- Amazon on Thursday reported third-quarter earnings that were more than $2 a share better than analysts had forecast.
- But the company’s revenue for the period was lower than expected, and it offered a disappointing revenue forecast for the fourth quarter.
- Investors sold off the stock on the news.
Amazon’s third-quarter profit blew away analysts’ heady expectations, but it still managed to disappoint Wall Street.
Analysts were predicting that on a per-share basis, Amazon’s profit would be six times larger in the period than it had been in the same quarter a year earlier.
In actuality, the company’s earnings per share in the third-quarter, which it reported Thursday, were more than 10 days larger than the prior year quarter.
Surging profits from its North American retail and Amazon Web Services cloud computing businesses helped boost its bottom line.
But the company tempered that standout result with a revenue shortfall in the third quarter and a revenue outlook for the holiday period that was a bit lighter than analysts had forecast.
Investors focused on the negative. In after-hours trading, the company’s shares were off $US131.22, or 7.4%, to $US1,650.95. The selloff completely wiped out the stock’s strong gains earlier in the day in the regular session.

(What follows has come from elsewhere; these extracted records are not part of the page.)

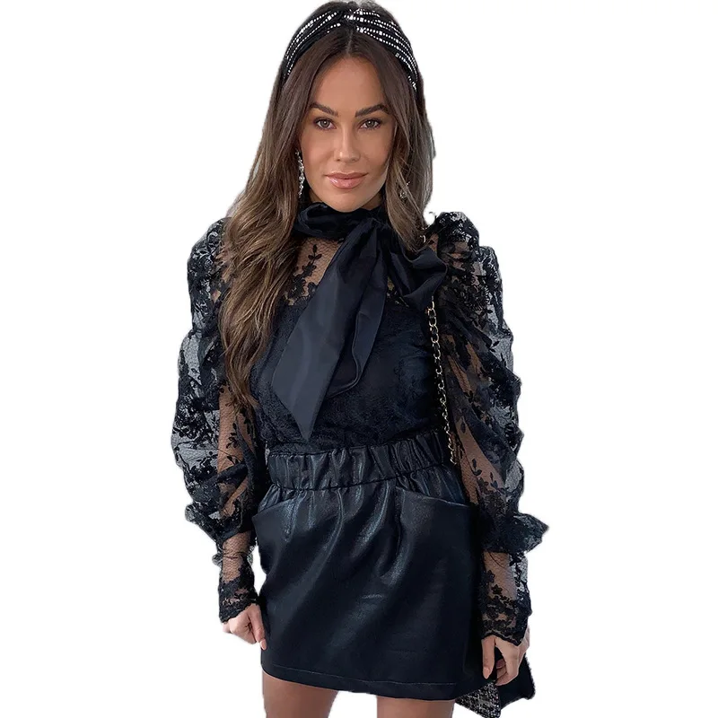 Addition Information of STYLISH LADY White Lace Shirt Blouse 2020 Spring Summer Women Long Puff Sleeve Bow See Through Club Party Elegant Blouses
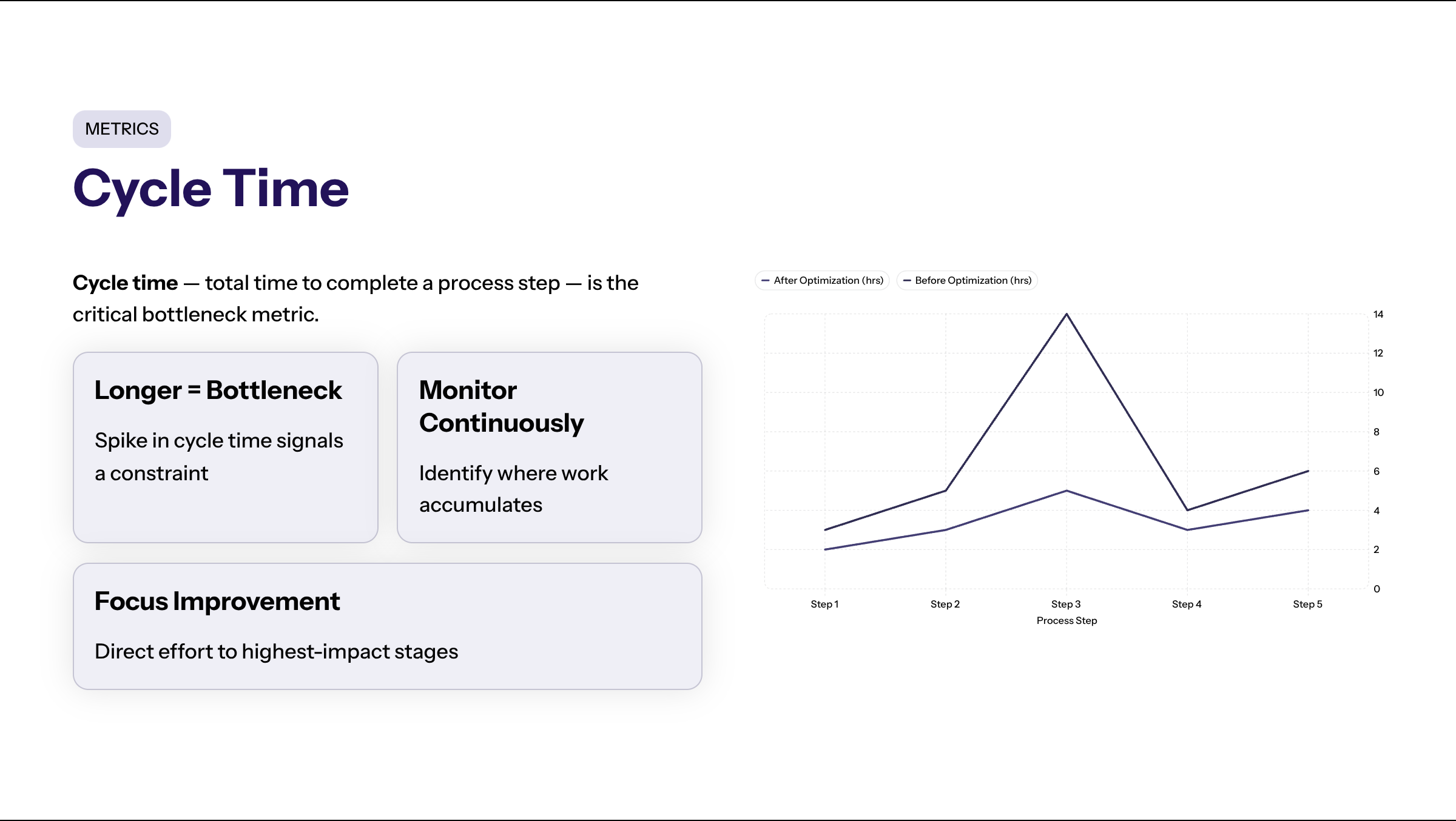 Reducing cycle time through workflow redesign, automation, or resource reallocation contributes to smoother operations and better throughput across the entire operation.
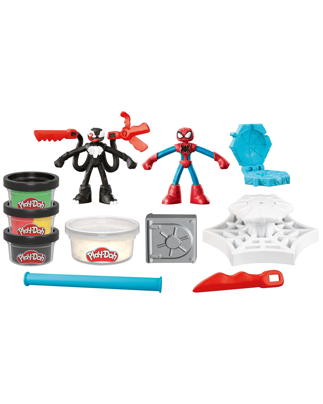 - SPIDER-MAN VS. VENOM PLAYSET: Can Spider-Man stop Venom from pulling off a pretend bank heist? With this Play-Doh Marvel playset, the storytelling power is in kids’ hands!
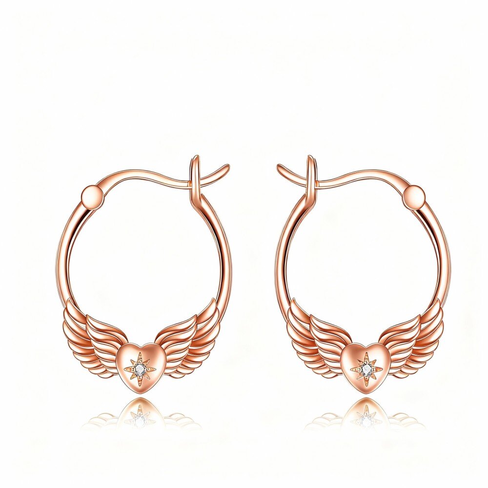 Discover the beauty of our exquisite 18K Rose Gold Angel Wing Drop Earrings, designed for women who appreciate elegance and sophistication.
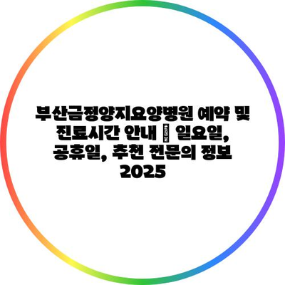 부산금정양지요양병원 예약 및 진료시간 공지 | 일요일, 공휴일, 추천 전연락 정보 2025 에 대해 자주 묻는 질문 TOP 5
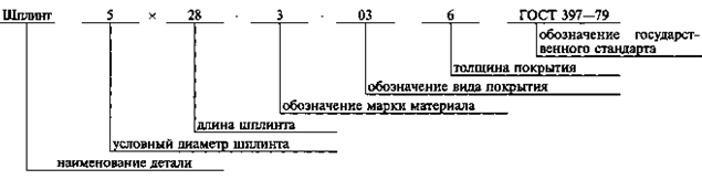 6.1. Шплинты следует обозначать по схеме, указанной на примере шплинта с условным диаметром 5 мм, длиной 28 мм, из латуни Л63 с никелевым покрытием толщиной 6 мкм.
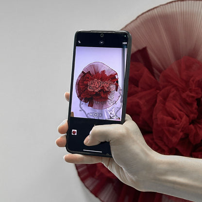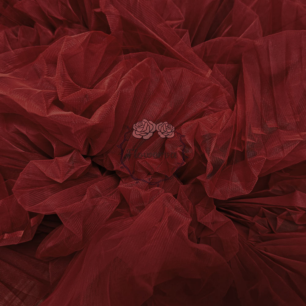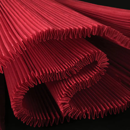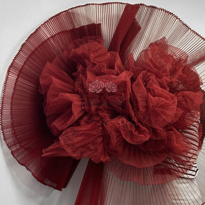 This wine red pleated fabric is artfully arranged in a large bouquet design, evoking a sense of luxury and sophistication. Perfect for adding an elegant touch to any room or outfit, this unique piece combines beauty and functionality, making it a must-have for any discerning individual.

Here’s what the company reported:
Amazon got a boost from AWS, Prime, and advertising
Yet again, Amazon’s cloud business gave it a big boost. AWS’s revenue jumped 46% from the year-ago period to $US6.7 billion.
The division’s operating profit, meanwhile, grew 77% over the same time period to $US2.1 billion, accounting for more than a third of Amazon’s total net profit for the period.
But the company also saw a windfall from its retail operations, particularly those in North America. That division saw sales jump 35% to $US34.3 billion. Earnings from the segment surged to $2 billion from just $112 million in the third quarter last year.
Those results were inflated by the company’s acquisition of Whole Foods. That purchase happened in the middle of the third quarter last year, which meant that Amazon included only about a month’s worth of Whole Foods’ revenue in its third-quarter results last year, versus a whole quarter’s worth this time around.
Amazon also benefitted from strong sales of its Prime subscription program. Its overall subscription revenue, which comes not just from Prime, but also from Audible.com, Amazon Music, and other services, grew 52% from the third quarter last year to $US3.7 billion.
And the company continued to see success in advertising. Its “other” revenue, which largely comprises advertising sales, jumped 122% to $2.5 billion.
Amazon’s stock closed regular trading up $US117.97 a share, or 7.1%, to $US1,782.17.